=== TASK INSTRUCTIONS ===
Write out the records below exactly as they appear, skipping each picture.

[Collection entries]
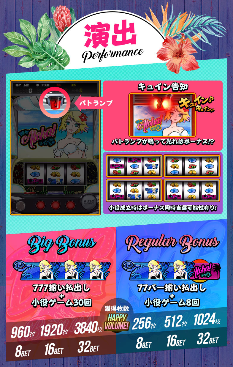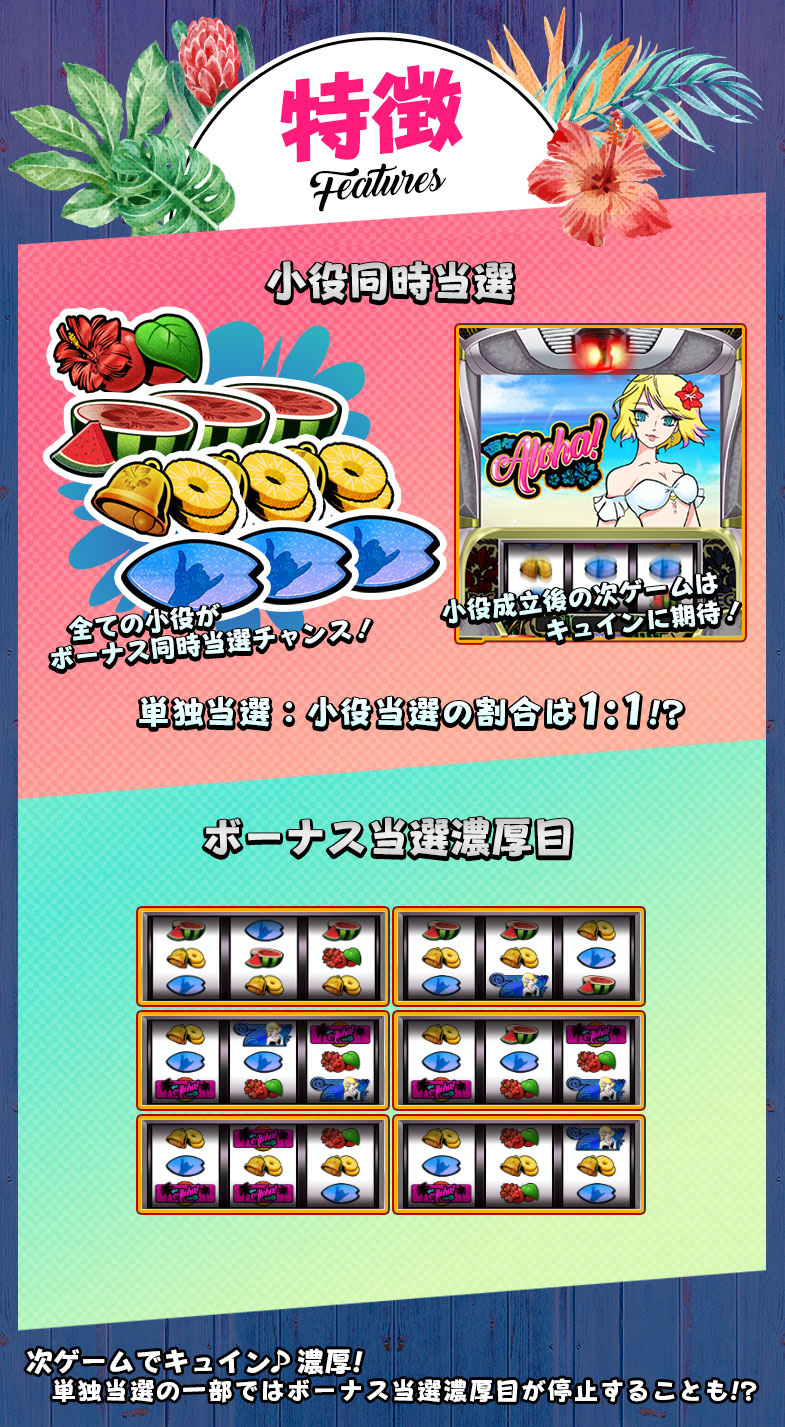 8ラインスロット「遊々アロハ!Reel Stop Slot」はMAXベット専用機です(MAXベットはバトルエリアの場合5ポイントのみとなります。トレジャーエリアの場合は5枚/10枚/20枚の3種類の台からお選び頂けます)。
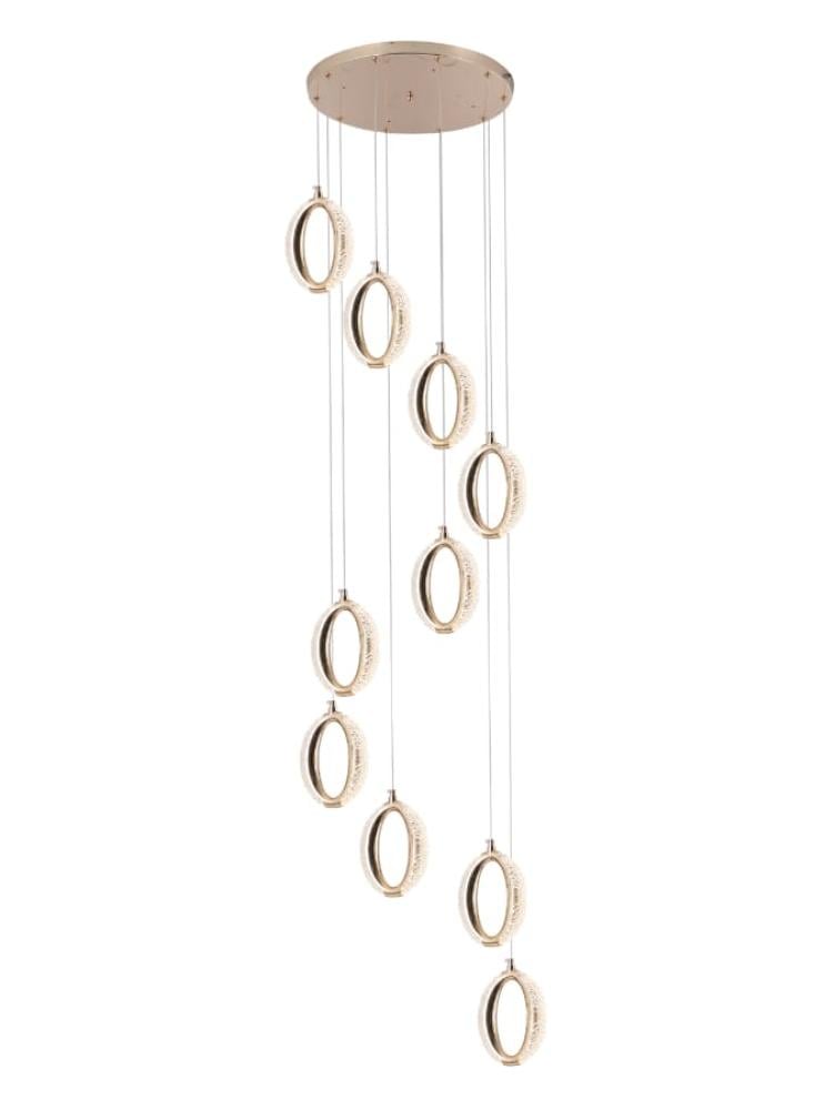 تصميم مودرن وأنيق : تتميز الثريا بتصميم علاقي مبتكر ومصنوع من إطار ذهبي متين مع شبكة كريستال شفافة، مما يضفي أجواءً دافئة وفاخرة على المساحة وأي ديكور داخلي.
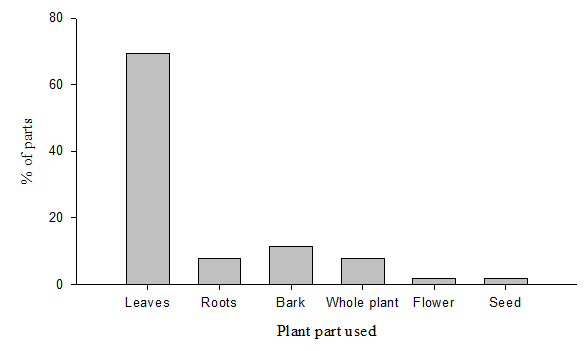 Most of the plants used were trees and herbs (Figure 3). The most frequently used plant was Albizia coriaria, Callistemon citrinus, Pseodospondias microcarpa, Spathodea campanulata, Psorospermum febrifugue, Solestenostemon latifolius, Tetradenia riparia and Erythrina abyssinica. Thirty four (34) plant species were used to manage more than one condition, with Cupressus lusitanica, Persea americana, and Punica granatum as the only species used to manage more than two HIV opportunistic infections. The most commonly used part of the medicinal plant was leaves, followed by bark and roots in that order (Figure 3). Leaves are commonly used because they have a higher content of bioactive compounds that treats the infection.25,2 The utilization of leaves in local medications inflicting less damaged to the medicinal plants and is advantageous as far as conservation is concerned.
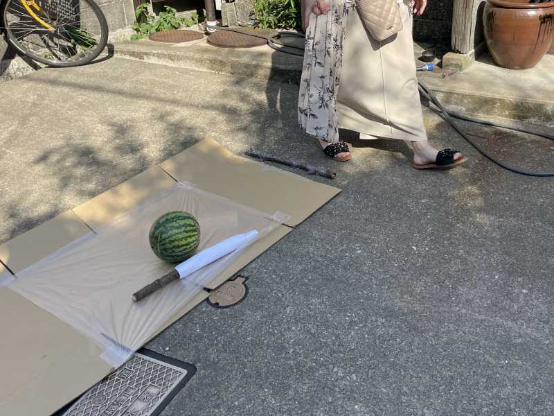 ココノマの方から歓声が聞こえてきた。スイカ割りが始まるようだ。スイカ割りは、目隠しをして木の棒を持ち、他人の指示で移動しながらスイカめがけて棒を振り下ろす遊びだ。もちろん、割ったスイカはみんなで食べる。このときは、スイカの硬さに棒が負けて、逆に折れてしまった。その瞬間、歓声はやがて笑い声に変わり、楽しげな空気が広がっていった。
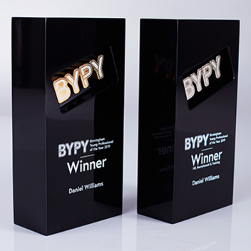 The new trophies are contemporary and compelling: fitting for the biggest event on the calendar for young professionals in Birmingham. Manufactured in black, cast acrylic, they are impressively heavy and imposing, decorated with immaculate detailing. The event’s BYPY logo is recessed and highlighted in gold-plated aluminium for the overall winner and picked out in nickel- plated aluminium on the trophies for the individual category winners. Each award is personalised in bright, white print with the winner’s name and award category.
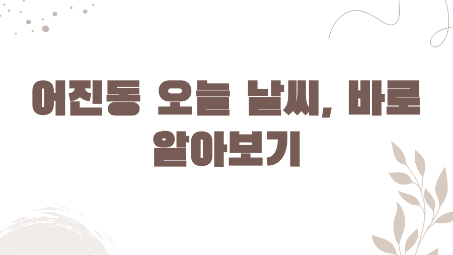 이번 글에서는 어진동의 실시간 날씨부터 시작해서 오늘, 내일, 그리고 앞으로 다가올 한 주간의 날씨 예보까지 꼼꼼하게 짚어드릴 예정입니다.
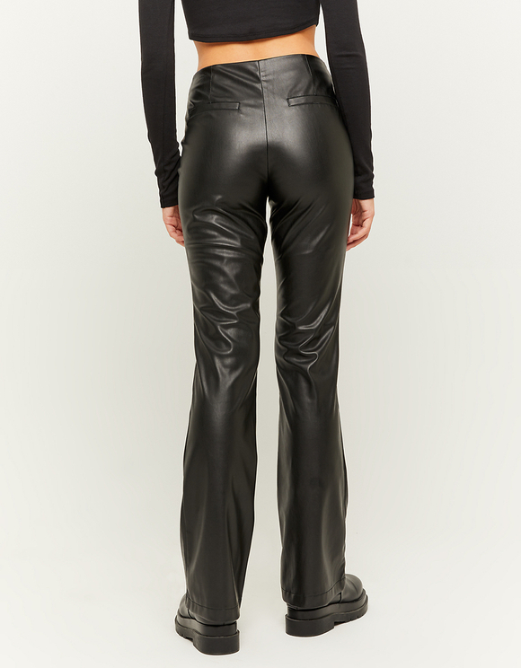 black faux leather flares
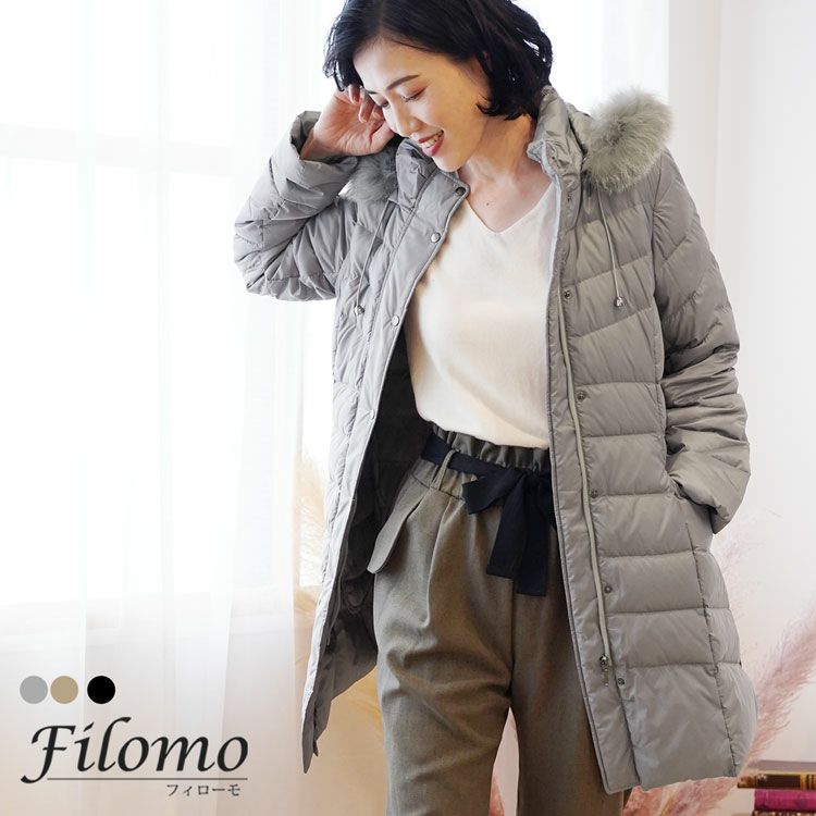 ※キーワード:ダウン コート アウター 上着 レディース 女性 ブランド Filomo フィローモ 軽量 軽い ライトダウン ダウン80% フード付き 取り外し可能 フォックス ファー リアルファー 毛皮 暖かい ゆったり おしゃれ かわいい 高級感 防寒 保温性 冬 大きめサイズ ミセス 30代 40代 50代 M L LL ハーフコート ミディアム グレー ベージュ ネイビー ブラック Aライン シルエット シンプル スリム 着ぶくれしない
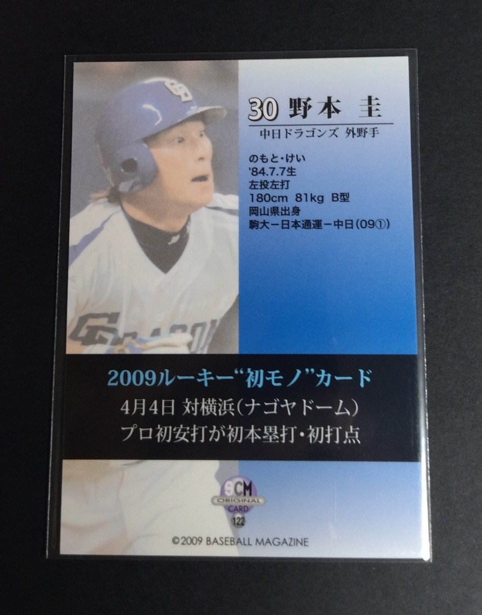 2009年BBM 野本圭(中日)ルーキー初モノカード。SCMオリジナル。No,122。※付録カード特有の初期線跡あり(画像3、4)
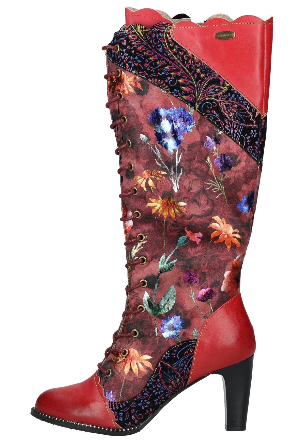 These elaborate boots from Laura Vita combine a colorful floral design with elegant lacing. The upper material displays a harmonious interplay of floral patterns and embellished fabric details, making these boots a true highlight for simple outfits. The lacing and side zipper make them easy to put on and individually adjustable. The feminine heel stylishly completes the extraordinary design.
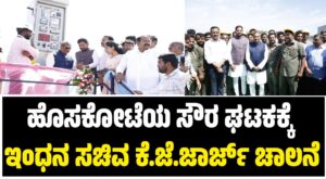 ಪಿಎಂ ಕುಸುಮ್- ಸಿ ಯೋಜನೆಯಡಿ ಹೊಸಕೋಟೆಯ ಯಲಚಹಳ್ಳಿ ಕೆರೆ ಅಂಗಳದಲ್ಲಿ ಸ್ಥಾಪಿಸಿರುವ ಸೌರ ಘಟಕಕ್ಕೆ ಇಂಧನ ಸಚಿವ ಕೆ.ಜೆ.ಜಾರ್ಜ್ ಗುರುವಾರ ಚಾಲನೆ ನೀಡಿದರು.
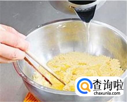 盆里放上适量玉米面,做红薯窝窝头的时候加上点玉米面是非常好吃的。一边往玉米面里到开水一边用筷子搅拌,让玉米面成絮状就可以了。
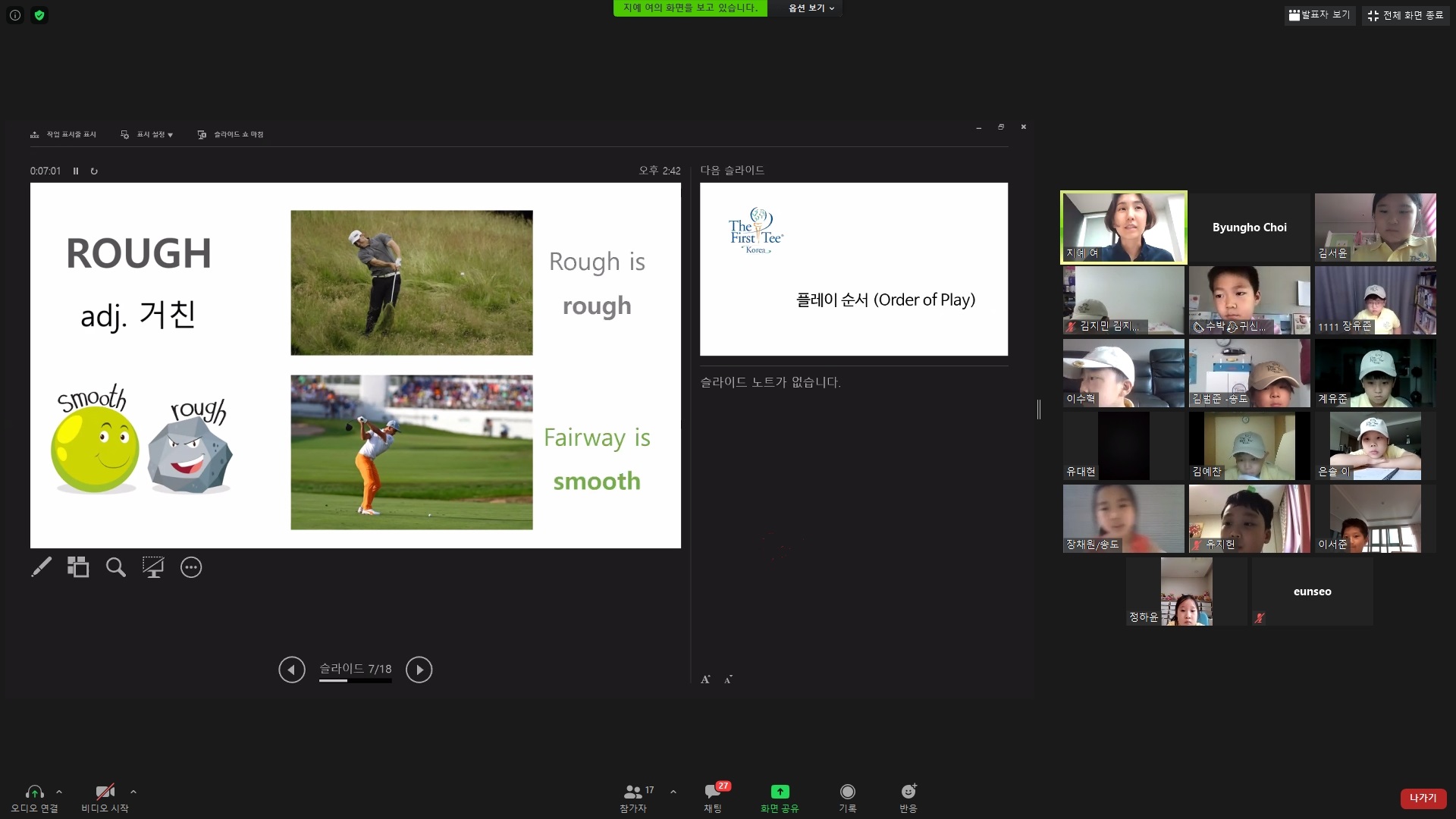 러프와 페어웨이에 대해서 설명해 주고 있는 모습

=== ANSWER SECTION ===
 8ラインスロット「遊々アロハ!Reel Stop Slot」はMAXベット専用機です(MAXベットはバトルエリアの場合5ポイントのみとなります。トレジャーエリアの場合は5枚/10枚/20枚の3種類の台からお選び頂けます)。
 تصميم مودرن وأنيق : تتميز الثريا بتصميم علاقي مبتكر ومصنوع من إطار ذهبي متين مع شبكة كريستال شفافة، مما يضفي أجواءً دافئة وفاخرة على المساحة وأي ديكور داخلي.
 Most of the plants used were trees and herbs (Figure 3). The most frequently used plant was Albizia coriaria, Callistemon citrinus, Pseodospondias microcarpa, Spathodea campanulata, Psorospermum febrifugue, Solestenostemon latifolius, Tetradenia riparia and Erythrina abyssinica. Thirty four (34) plant species were used to manage more than one condition, with Cupressus lusitanica, Persea americana, and Punica granatum as the only species used to manage more than two HIV opportunistic infections. The most commonly used part of the medicinal plant was leaves, followed by bark and roots in that order (Figure 3). Leaves are commonly used because they have a higher content of bioactive compounds that treats the infection.25,2 The utilization of leaves in local medications inflicting less damaged to the medicinal plants and is advantageous as far as conservation is concerned.
 ココノマの方から歓声が聞こえてきた。スイカ割りが始まるようだ。スイカ割りは、目隠しをして木の棒を持ち、他人の指示で移動しながらスイカめがけて棒を振り下ろす遊びだ。もちろん、割ったスイカはみんなで食べる。このときは、スイカの硬さに棒が負けて、逆に折れてしまった。その瞬間、歓声はやがて笑い声に変わり、楽しげな空気が広がっていった。
 The new trophies are contemporary and compelling: fitting for the biggest event on the calendar for young professionals in Birmingham. Manufactured in black, cast acrylic, they are impressively heavy and imposing, decorated with immaculate detailing. The event’s BYPY logo is recessed and highlighted in gold-plated aluminium for the overall winner and picked out in nickel- plated aluminium on the trophies for the individual category winners. Each award is personalised in bright, white print with the winner’s name and award category.
 이번 글에서는 어진동의 실시간 날씨부터 시작해서 오늘, 내일, 그리고 앞으로 다가올 한 주간의 날씨 예보까지 꼼꼼하게 짚어드릴 예정입니다.
 black faux leather flares
 ※キーワード:ダウン コート アウター 上着 レディース 女性 ブランド Filomo フィローモ 軽量 軽い ライトダウン ダウン80% フード付き 取り外し可能 フォックス ファー リアルファー 毛皮 暖かい ゆったり おしゃれ かわいい 高級感 防寒 保温性 冬 大きめサイズ ミセス 30代 40代 50代 M L LL ハーフコート ミディアム グレー ベージュ ネイビー ブラック Aライン シルエット シンプル スリム 着ぶくれしない
 2009年BBM 野本圭(中日)ルーキー初モノカード。SCMオリジナル。No,122。※付録カード特有の初期線跡あり(画像3、4)
 These elaborate boots from Laura Vita combine a colorful floral design with elegant lacing. The upper material displays a harmonious interplay of floral patterns and embellished fabric details, making these boots a true highlight for simple outfits. The lacing and side zipper make them easy to put on and individually adjustable. The feminine heel stylishly completes the extraordinary design.
 ಪಿಎಂ ಕುಸುಮ್- ಸಿ ಯೋಜನೆಯಡಿ ಹೊಸಕೋಟೆಯ ಯಲಚಹಳ್ಳಿ ಕೆರೆ ಅಂಗಳದಲ್ಲಿ ಸ್ಥಾಪಿಸಿರುವ ಸೌರ ಘಟಕಕ್ಕೆ ಇಂಧನ ಸಚಿವ ಕೆ.ಜೆ.ಜಾರ್ಜ್ ಗುರುವಾರ ಚಾಲನೆ ನೀಡಿದರು.
 盆里放上适量玉米面,做红薯窝窝头的时候加上点玉米面是非常好吃的。一边往玉米面里到开水一边用筷子搅拌,让玉米面成絮状就可以了。
 러프와 페어웨이에 대해서 설명해 주고 있는 모습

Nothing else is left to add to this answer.